In this paper, we report the microstructure and first hydrogenation properties of TiFe cast with 4wt.% of Zr. Measurements were made in as-cast state and after processing by ball milling and cryomilling. It was found that ball milling and cryomilling significantly reduced the particle/crystallite sizes with most of the reduction occurring during the first 15min of milling. While the cryomilled sample did not absorb any hydrogen, ball milling improved the initial kinetics of processed powders compared with the as-cast sample. However it also reduced the hydrogen storage capacity. The observed increased kinetics was likely caused by the reduction of crystallite sizes with longer ball milling times. However, the longer ball milling times might also be the reason of the capacity loss due to formation of new grain boundaries.

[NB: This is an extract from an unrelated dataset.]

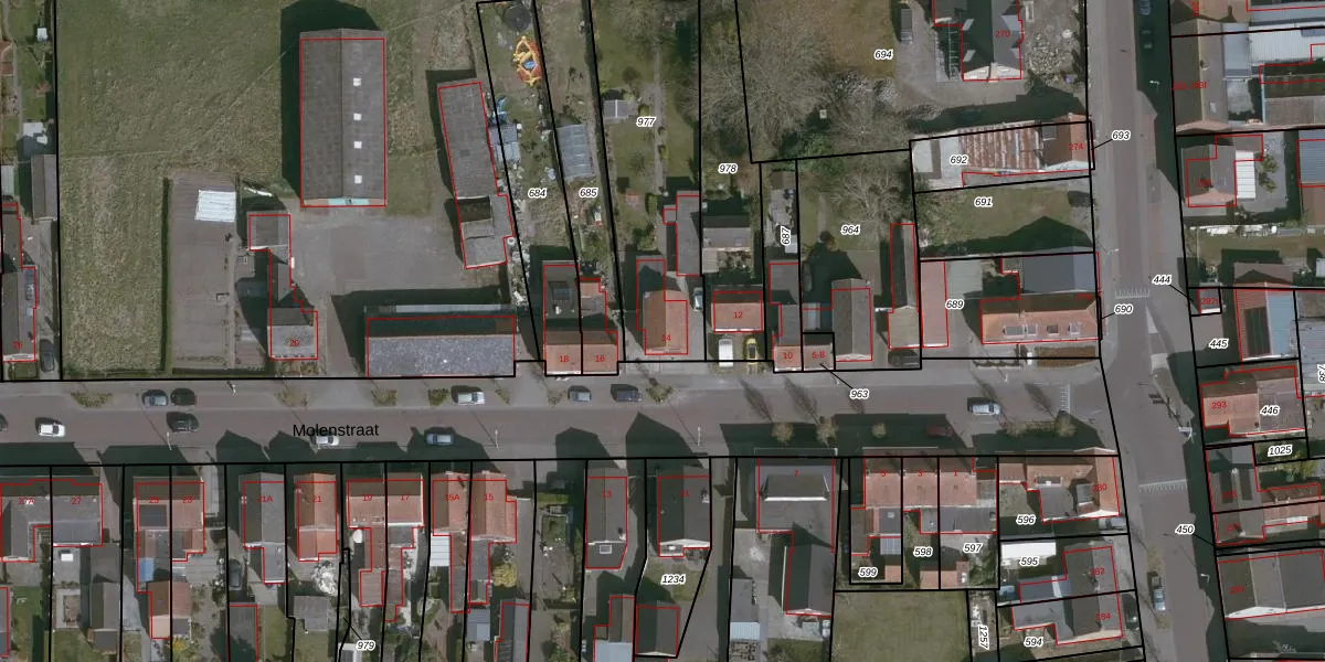 Het perceel waarop Molenstraat 14 staat heeft een oppervlakte van 805 m². Dit is een groot perceel. De perceeloppervlakte wordt geregistreerd door het Kadaster. Gedetailleerde informatie over de maten van dit perceel kunt u vinden in het rapport Kadastrale kaart met maatvoering van Molenstraat 14.

Faster kinetics was not due to a change in the rate-limiting step, as all kinetics curves were fitted with the 3D growth, diffusion controlled with decreasing interface velocity model.

Keywords:
TiFe alloy
First hydrogenation kinetics
Rate limiting step
Ball milling
Cryomilling
Full Text
1Introduction

The TiFe alloy is a good material for solid state hydrogen storage due to its low plateau pressure at room temperature and relatively low price [1–7]. However, one of its disadvantages is rather slow first hydrogenation kinetics [8–11]. Reilly et al. reported that pure TiFe sample had to be exposed to high temperatures (around 400°C) and high hydrogen pressures (6.5MPa) before being able to absorb/desorb hydrogen at normal conditions [12]. Thus, one way to reduce the cost of this alloy is to make its first hydrogenation possible at room temperature and under low hydrogen pressure.

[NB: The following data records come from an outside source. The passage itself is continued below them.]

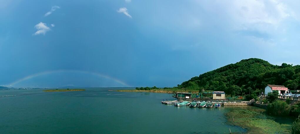 太湖在我国的淡水湖泊中排名第三。拥有秀丽的新月状水体,南岸是及其漂亮的圆弧形岸线。
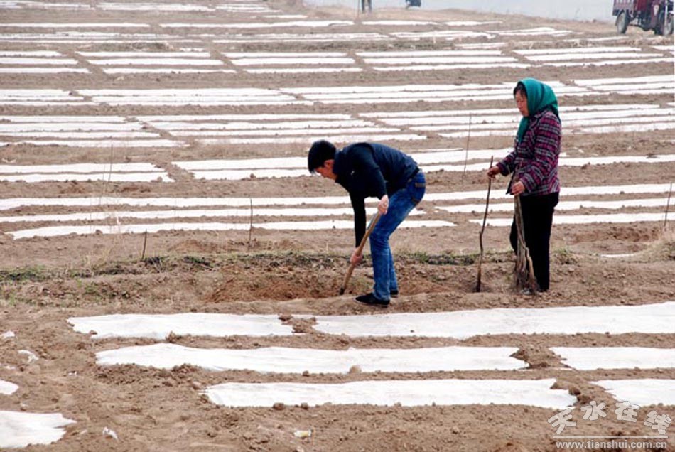 圖為清水縣紅堡鎮(zhèn)村民正在自家的全膜雙壟溝播玉米地里套種核桃樹。
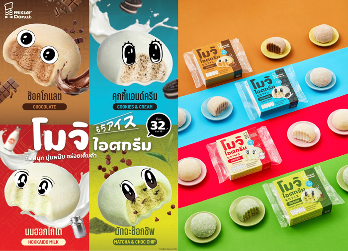 มิสเตอร์ โดนัท ผู้นำตลาดโดนัทเมืองไทย บริหารงานโดย บริษัท เซ็นทรัล เรสตอรองส์ กรุ๊ป จำกัด (ซีอาร์จี) เปิดตัวสินค้าใหม่ที่มากกว่าโดนัท กับครั้งแรก “โมจิ ไอศกรีม”กัดสนุก นุ่มหนึบ อร่อยเต็มคำ! ที่จะทำให้หน้าร้อนนี้ของคุณสดชื่นได้ในพริบตากับเมนูใหม่ที่ทำให้คุณอร่อยได้ครบ จบ ทันที่ในร้านมิสเตอร์ โดนัท เจาะกลุ่มลุกค้าทุกเพศทุกวันที่ต้องการเติมความสดชื่นแบบเร่งด่วน อร่อย กินง่าย พกพาสะดวก มีให้เลือกถึง4 รสชาติ ไม่ว่าจะเป็น นมฮอกไกโด ช็อคโกแลต คุ้กกี้แอนด์ครีม และมัทฉะช็อกชิพในราคาเพียง32 บาทเท่านั้น ได้แก่

Doping is an effective way to improve the hydrogenation properties of the TiFe alloy. Kumar et al. found that the first hydrogenation of TiFe sample doped with 3.1wt.% of vanadium occurred at 54°C. However the hydrogen storage capacity slightly decreased [13]. Later, Jain et al. showed that the first hydrogenation of the TiFe alloy was possible without any prior heat treatment just by adding zirconium [14]. Recently, Lv and Huot found that Ti0.95FeZr0.05, TiFe0.95Zr0.05 and TiFeZr0.05 alloys showed totally different microstructures and the first hydrogenation properties. The first hydrogenation (also called activation) of these alloys was performed at room temperature and under 2MPa of hydrogen gas [3].

Mechanical milling is also an effective method to improve the first hydrogenation properties of the TiFe alloy. It is well known that presence of defects and nanocrystallites could enhance the reaction kinetic and reduce incubation time. Moreover, it has been shown that mechanical milling is a fast and efficient way to reduce crystallite sizes and induce defects in materials [1,7,15,16]. Chiang et al. investigated the hydrogenation properties of TiFe alloy processed under the reactive hydrogen atmosphere. They found that milled TiFe powder absorbed hydrogen without any prior heat treatment [17]. Emami et al. used ball milling technique to synthesize the nanocrystalline TiFe metallic compound. Their study showed clearly that ball milling reduced the particle sizes of processed powders and facilitated the first hydrogenation reaction [1].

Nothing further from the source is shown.